■ RECORDS TO PROCESS:
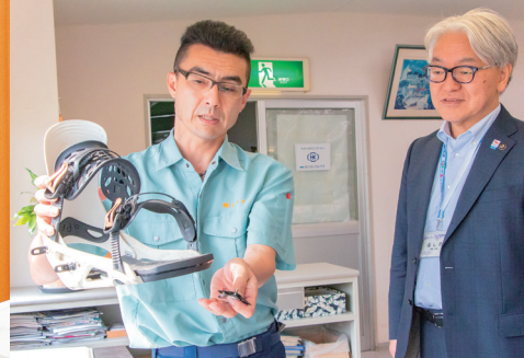
スノーボードとビンディングの締結に使用
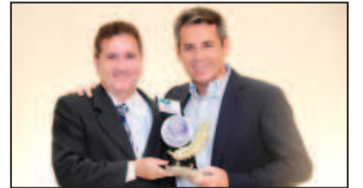
EMPRESA DO ANO - SUPER FRANGO
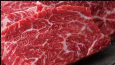
비와하라미 (토시살) (황경막 부위) 한덩어리 420 円/반 840 円/1인분 1,600 円
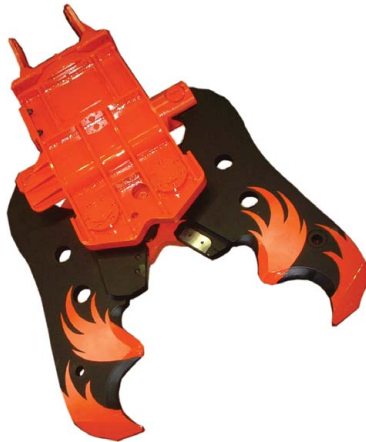
日本ニューマチック工業 圧砕機Sシリーズ
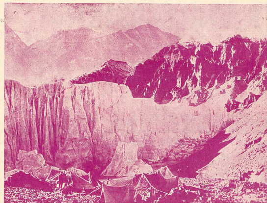
L'installation des dépôts sur le glacier Rongbuk (L'Inaccessible).
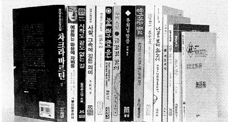
◇상반기 베스트불서 집계 결과 수행입문서가 꾸준한 인기를 얻고 있는 것으로 나타났다.

의 한 전형을 보여주는 책으로 평가된다. 이와함께 <진리의 말씀> <부 처님말씀>이 베스트15에 들어 경전에 대한 선호도가 여전히 높게 나타났다. '불일소책'으 로 퍼낸 <진리의 말씀>은 대승 불교의 대표적 경전인 법구경 을 우리말로 옮긴 것으로, 법 정스님의 깔끔한 번역이 돋보 인다. 84년 초판이후 꾸준한 인 기를 얻고 있다.

■ INSTRUCTIONS TO FOLLOW: Omitting all pictures, restate exactly the lines of the material from its start through the line that contains "있는 것으로 나타났다.".

■ EXERCISE SOLUTION:
スノーボードとビンディングの締結に使用
EMPRESA DO ANO - SUPER FRANGO
비와하라미 (토시살) (황경막 부위) 한덩어리 420 円/반 840 円/1인분 1,600 円
日本ニューマチック工業 圧砕機Sシリーズ
L'installation des dépôts sur le glacier Rongbuk (L'Inaccessible).
◇상반기 베스트불서 집계 결과 수행입문서가 꾸준한 인기를 얻고 있는 것으로 나타났다.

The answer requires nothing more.